- Extracted entries
★ ★ ★ ★ ★
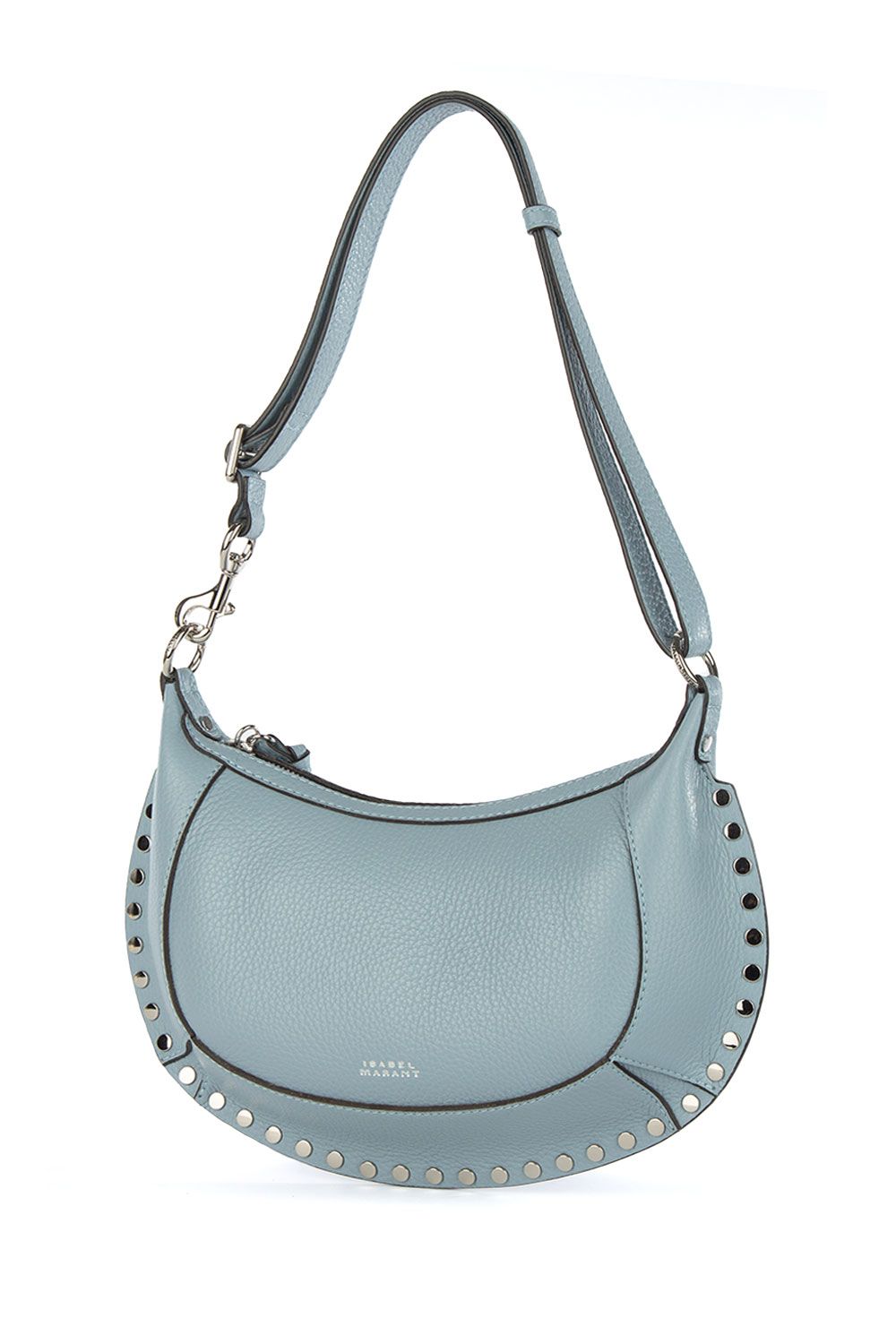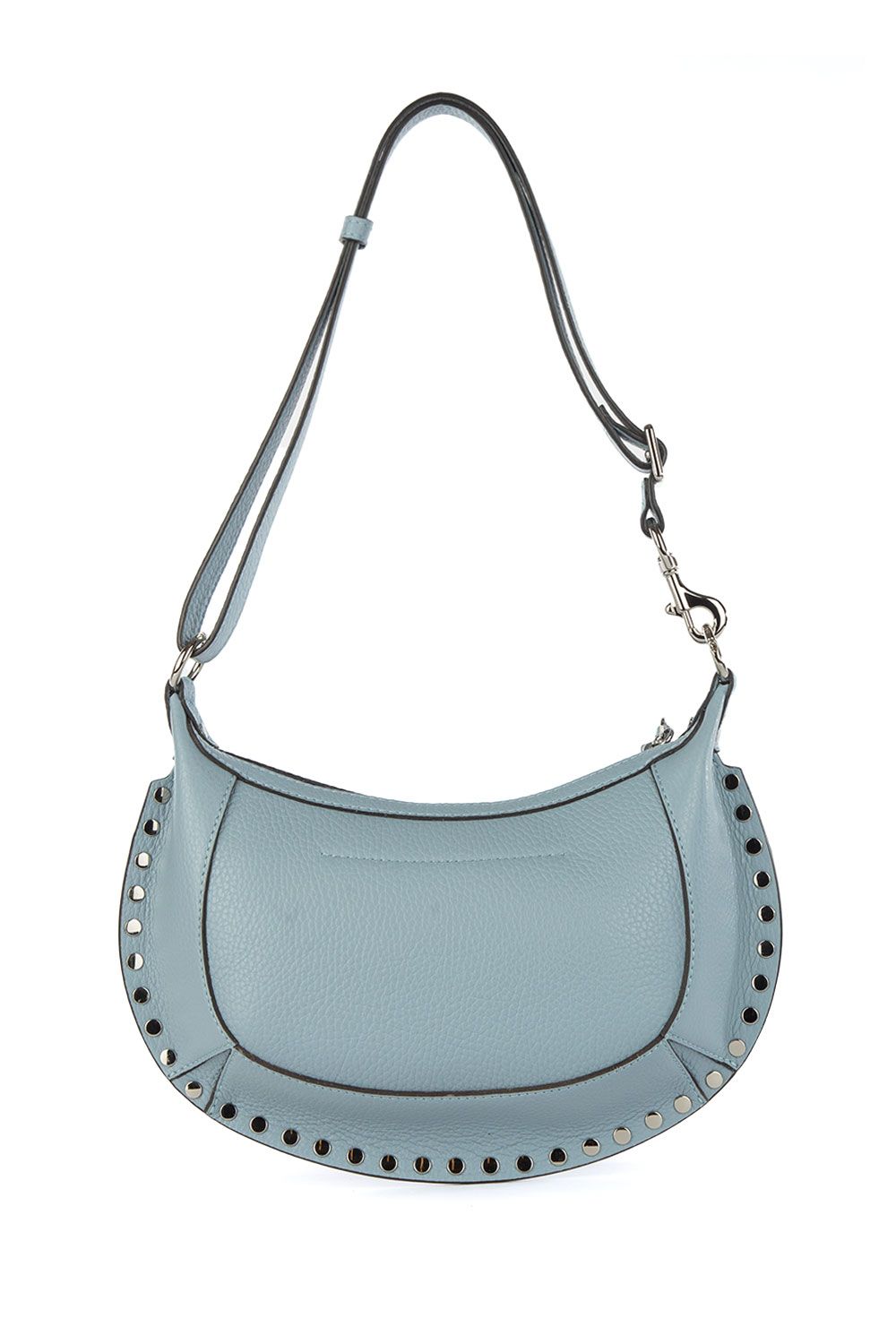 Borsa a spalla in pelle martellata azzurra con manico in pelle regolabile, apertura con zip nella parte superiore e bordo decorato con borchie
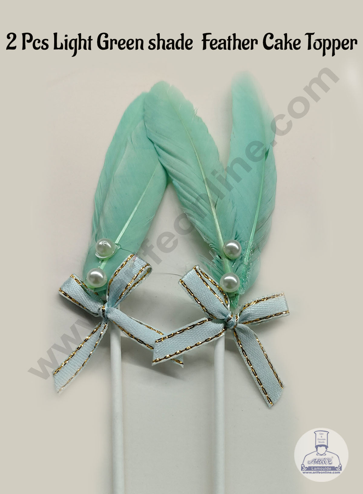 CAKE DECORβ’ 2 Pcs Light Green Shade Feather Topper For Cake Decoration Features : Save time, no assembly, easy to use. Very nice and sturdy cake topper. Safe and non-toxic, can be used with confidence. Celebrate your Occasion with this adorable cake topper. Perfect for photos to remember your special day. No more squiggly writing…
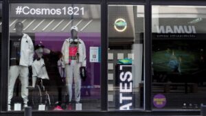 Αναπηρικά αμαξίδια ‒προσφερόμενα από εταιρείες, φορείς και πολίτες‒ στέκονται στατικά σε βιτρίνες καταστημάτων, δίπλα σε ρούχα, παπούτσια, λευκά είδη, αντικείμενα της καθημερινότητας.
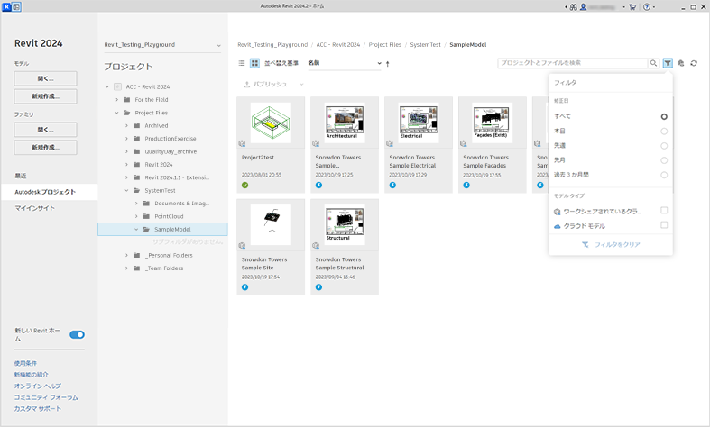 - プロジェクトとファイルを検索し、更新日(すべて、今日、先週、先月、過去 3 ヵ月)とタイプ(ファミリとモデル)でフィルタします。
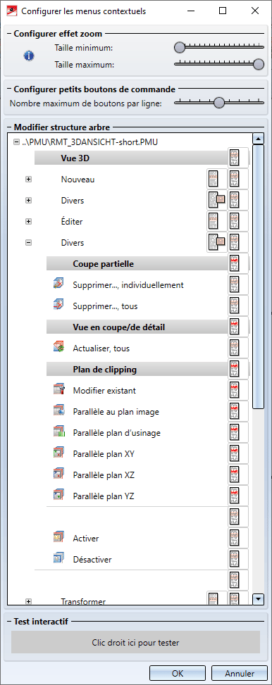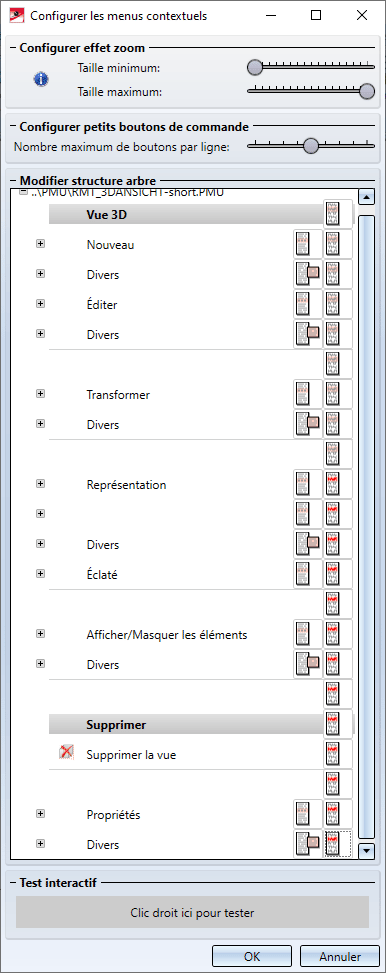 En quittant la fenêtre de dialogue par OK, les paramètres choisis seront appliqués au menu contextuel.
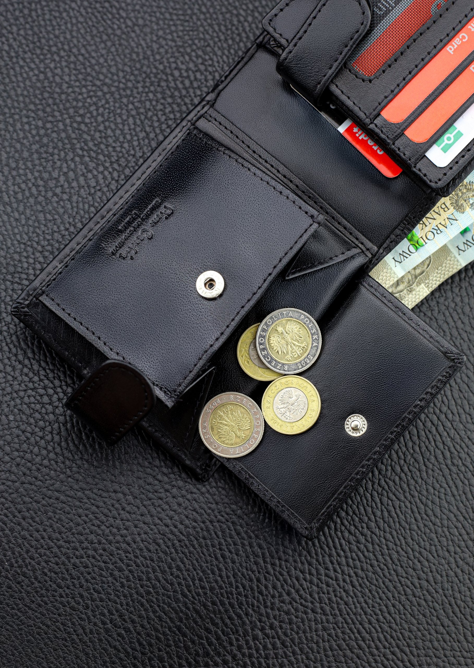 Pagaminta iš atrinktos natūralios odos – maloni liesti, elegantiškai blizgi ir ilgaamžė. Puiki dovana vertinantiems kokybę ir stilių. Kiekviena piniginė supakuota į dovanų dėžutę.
★ ★ ★ ★ ★
- To do
Retype each line of the records exactly as it reads; no pictures belong in the copy.

- The completed task
 Borsa a spalla in pelle martellata azzurra con manico in pelle regolabile, apertura con zip nella parte superiore e bordo decorato con borchie
 CAKE DECORβ’ 2 Pcs Light Green Shade Feather Topper For Cake Decoration Features : Save time, no assembly, easy to use. Very nice and sturdy cake topper. Safe and non-toxic, can be used with confidence. Celebrate your Occasion with this adorable cake topper. Perfect for photos to remember your special day. No more squiggly writing…
 Αναπηρικά αμαξίδια ‒προσφερόμενα από εταιρείες, φορείς και πολίτες‒ στέκονται στατικά σε βιτρίνες καταστημάτων, δίπλα σε ρούχα, παπούτσια, λευκά είδη, αντικείμενα της καθημερινότητας.
 - プロジェクトとファイルを検索し、更新日(すべて、今日、先週、先月、過去 3 ヵ月)とタイプ(ファミリとモデル)でフィルタします。
 En quittant la fenêtre de dialogue par OK, les paramètres choisis seront appliqués au menu contextuel.
 Pagaminta iš atrinktos natūralios odos – maloni liesti, elegantiškai blizgi ir ilgaamžė. Puiki dovana vertinantiems kokybę ir stilių. Kiekviena piniginė supakuota į dovanų dėžutę.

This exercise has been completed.